##### The data #####
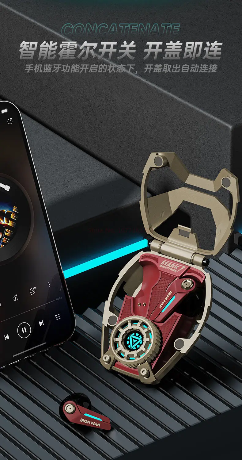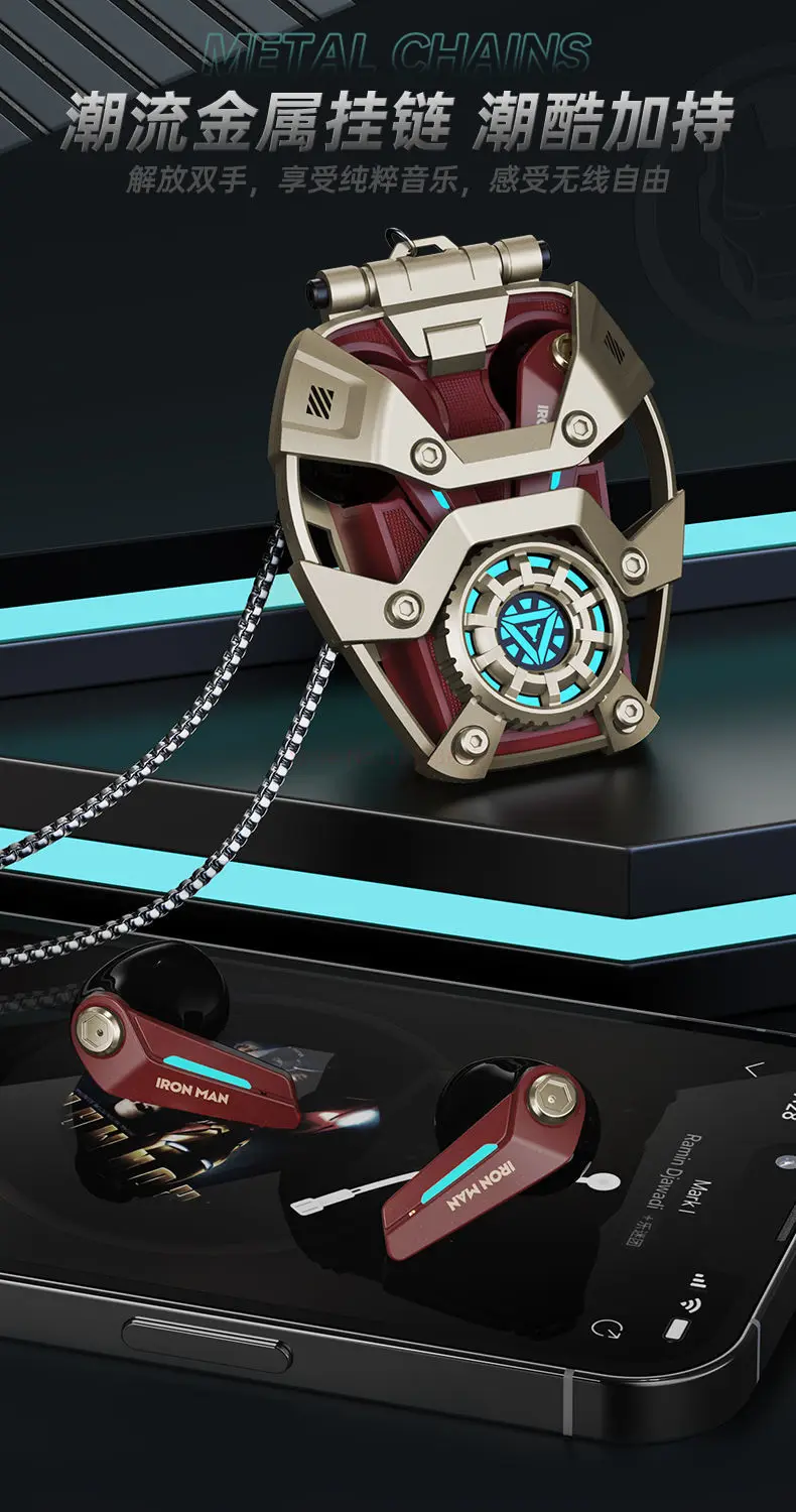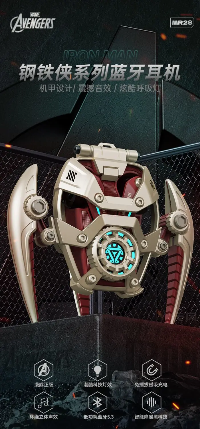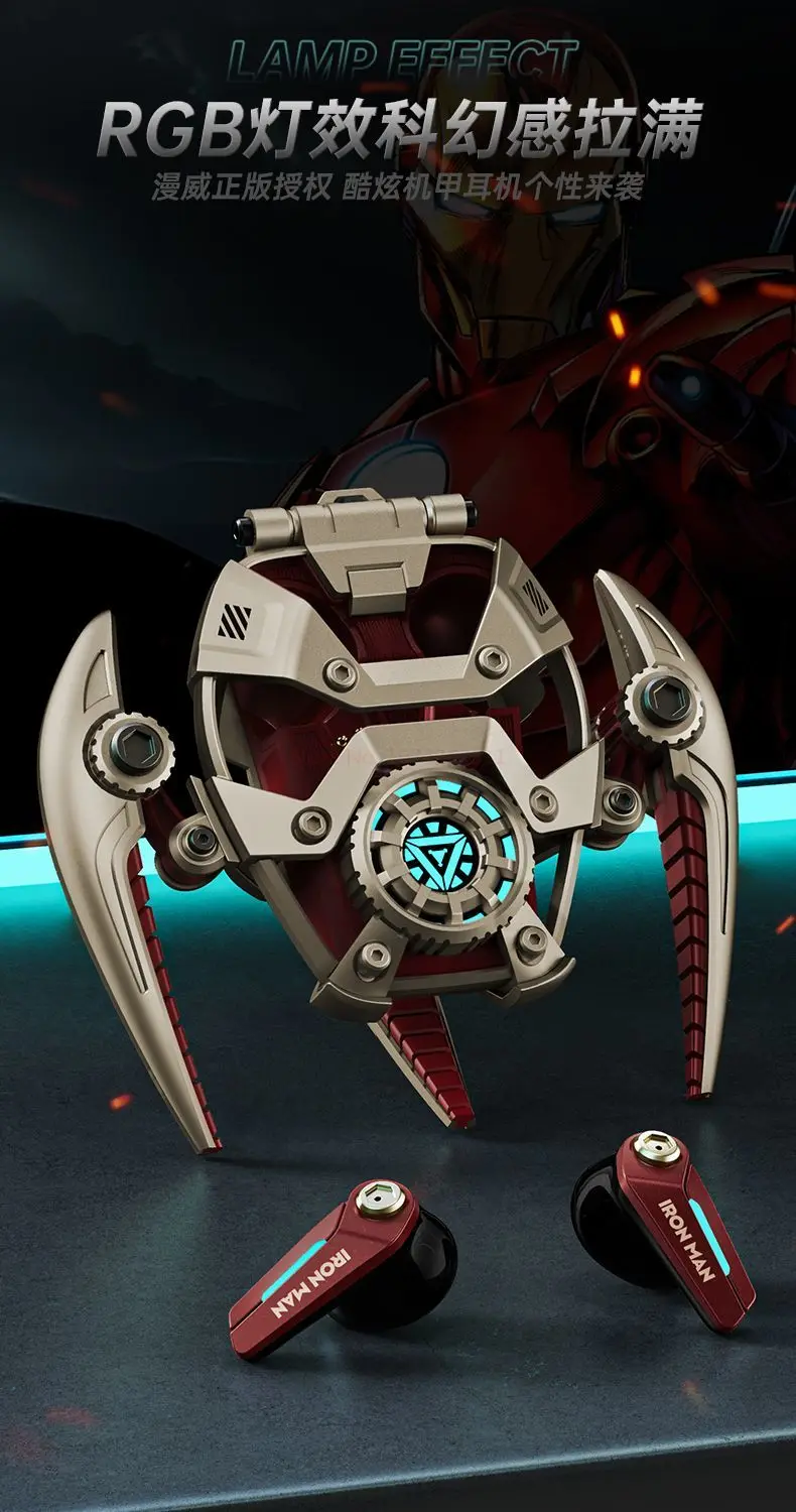 Original Marvel Iron Man Wireless Bluetooth Earbuds – MR28 Mecha Design with Cool RGB Lights
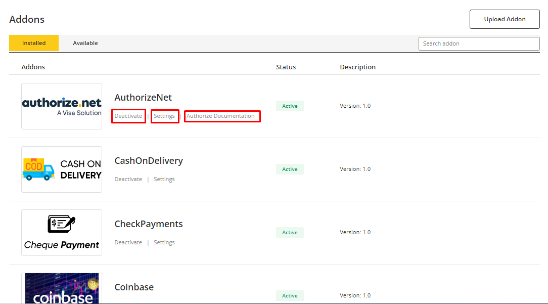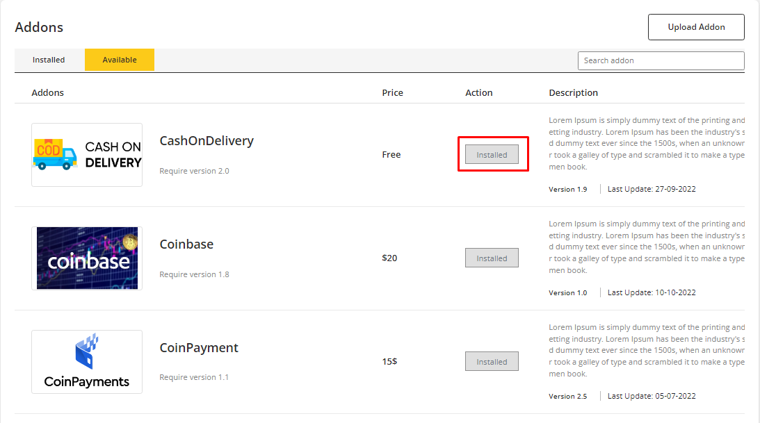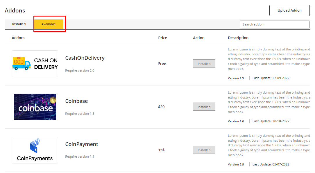- Go to Available Addons. It shows Available addons that can be used for this system.
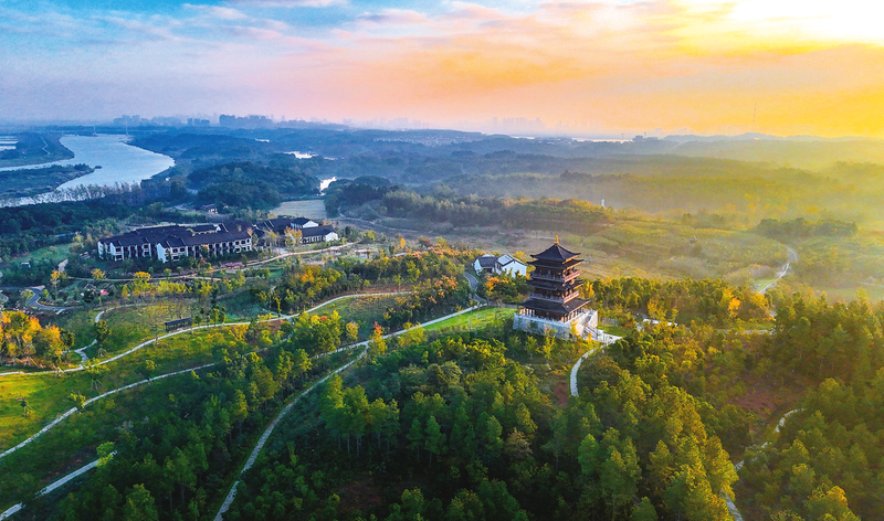 日朝阳下,杏花村文化旅游区层林尽染、色彩斑斓。古朴的塔楼矗立在林海间,蜿蜒步道镶嵌于斑斓草木边缘,远处波光粼粼的河湖与错落有致的城市天际线交相辉映,绘就出一幅诗意文旅画卷。
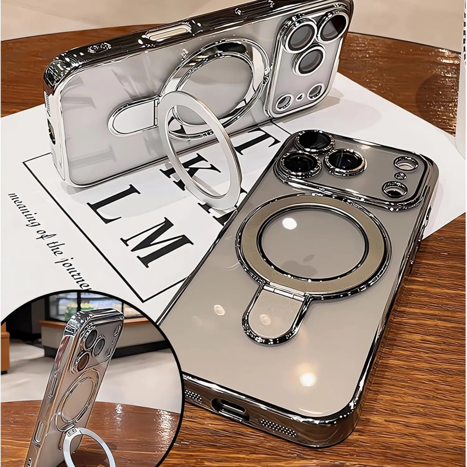Pros: Shiny chrome edges, impressive sleek look. The phone stand on the back allows for phone to stand up vertically. Lens clarity is excellent.
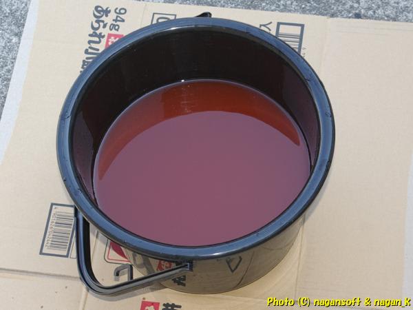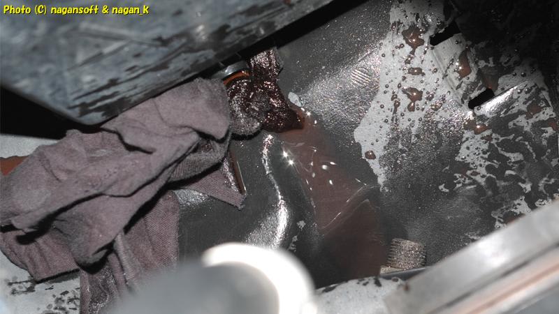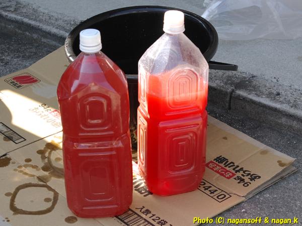 尚、舟は汚れているので、そこに溜まったクーラント液は廃棄にします。といってもクーラント液って下水へ流すことができませんから、ペットボトルへ回収して次回に自動車整備工場へ行くときに処分をお願いすることになります。
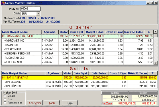 Tablo butonu ile gerçek maliyet dağılımlarını takip edebilrisiniz.
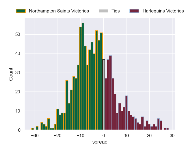 Each club has a rating and a rating deviation (similar to a Glicko rating), and expected performances can be generated. This allows for simulated matches and spreads like the ones below.
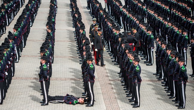 johnwatsn: “thetrekkiehasthephonebox: “ gridbugs: “ natgeofound: “ Irish Guards remain at attention after one guardsman faints in London, England, June 1966.Photograph by James P. Blair, National Geographic ” Something about this photo is hySTERICAL TO ME ” oh dear ” Guard fainting during the King...
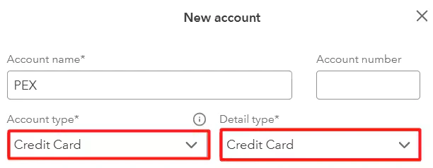 Enter a descriptive name for the new account. We suggest “PEX”, “PEX Corporate Card”, “PEX Transactions”, or similar.If your PEX account is prepaid:
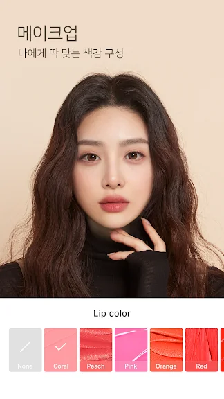- 메이크업 도구: 립스틱, 아이브로우, 아이섀도우, 블러셔, 헤어 염색 등 여러분의 룩을 향상시켜줄 자연스럽고 스타일리시한 메이크업을 적용할 수 있습니다.
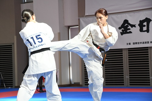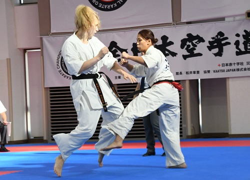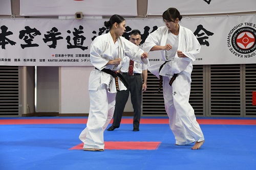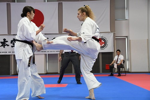 2日目の女子は準決勝から試合開始、まず第1試合は昨年4位で全世界体重別-65kg級優勝者の小城みなみ(千葉北支部)が、全ロシア体重別+65kg級優勝者のカルポワ・エカテリーナ(I.K.O.RUSSIA)と対戦。2年前の第13回世界大会の再戦だったが、183cm、85kgのカルポワの圧倒的パワーと的確な攻撃で次第に小城が崩される場面が多くなり、前回の対戦と同じく本戦5-0の判定で敗れた。第2試合は森岡優海と昨年準優勝者で全日本体重別+65kg級優勝者の宮本神(本部直轄浅草道場)の対戦。宮本の力強い突きと下段への蹴りで森岡の動きが封じられ、本戦5-0の判定で宮本が決勝進出を決めた。
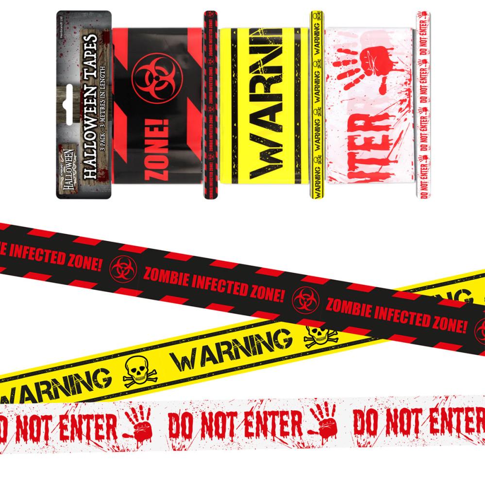 Halloween Afspærringsbånd 3-pak indeholder tre afspærringsbånd i sort med den røde tekst "ZOMBIE INFECTED ZONE!" og et biohazardsymbol, i gult med den sorte tekst "WARNING" og et dødningehoved samt i hvidt med den røde tekst "DO NOT ENTER" og en blodig hånd.
#####
Task instructions: Every entry should come back exactly as written, only without images.

Task response:
 Original Marvel Iron Man Wireless Bluetooth Earbuds – MR28 Mecha Design with Cool RGB Lights
- Go to Available Addons. It shows Available addons that can be used for this system.
 日朝阳下,杏花村文化旅游区层林尽染、色彩斑斓。古朴的塔楼矗立在林海间,蜿蜒步道镶嵌于斑斓草木边缘,远处波光粼粼的河湖与错落有致的城市天际线交相辉映,绘就出一幅诗意文旅画卷。
Pros: Shiny chrome edges, impressive sleek look. The phone stand on the back allows for phone to stand up vertically. Lens clarity is excellent.
 尚、舟は汚れているので、そこに溜まったクーラント液は廃棄にします。といってもクーラント液って下水へ流すことができませんから、ペットボトルへ回収して次回に自動車整備工場へ行くときに処分をお願いすることになります。
 Tablo butonu ile gerçek maliyet dağılımlarını takip edebilrisiniz.
 Each club has a rating and a rating deviation (similar to a Glicko rating), and expected performances can be generated. This allows for simulated matches and spreads like the ones below.
 johnwatsn: “thetrekkiehasthephonebox: “ gridbugs: “ natgeofound: “ Irish Guards remain at attention after one guardsman faints in London, England, June 1966.Photograph by James P. Blair, National Geographic ” Something about this photo is hySTERICAL TO ME ” oh dear ” Guard fainting during the King...
 Enter a descriptive name for the new account. We suggest “PEX”, “PEX Corporate Card”, “PEX Transactions”, or similar.If your PEX account is prepaid:
- 메이크업 도구: 립스틱, 아이브로우, 아이섀도우, 블러셔, 헤어 염색 등 여러분의 룩을 향상시켜줄 자연스럽고 스타일리시한 메이크업을 적용할 수 있습니다.
 2日目の女子は準決勝から試合開始、まず第1試合は昨年4位で全世界体重別-65kg級優勝者の小城みなみ(千葉北支部)が、全ロシア体重別+65kg級優勝者のカルポワ・エカテリーナ(I.K.O.RUSSIA)と対戦。2年前の第13回世界大会の再戦だったが、183cm、85kgのカルポワの圧倒的パワーと的確な攻撃で次第に小城が崩される場面が多くなり、前回の対戦と同じく本戦5-0の判定で敗れた。第2試合は森岡優海と昨年準優勝者で全日本体重別+65kg級優勝者の宮本神(本部直轄浅草道場)の対戦。宮本の力強い突きと下段への蹴りで森岡の動きが封じられ、本戦5-0の判定で宮本が決勝進出を決めた。
 Halloween Afspærringsbånd 3-pak indeholder tre afspærringsbånd i sort med den røde tekst "ZOMBIE INFECTED ZONE!" og et biohazardsymbol, i gult med den sorte tekst "WARNING" og et dødningehoved samt i hvidt med den røde tekst "DO NOT ENTER" og en blodig hånd.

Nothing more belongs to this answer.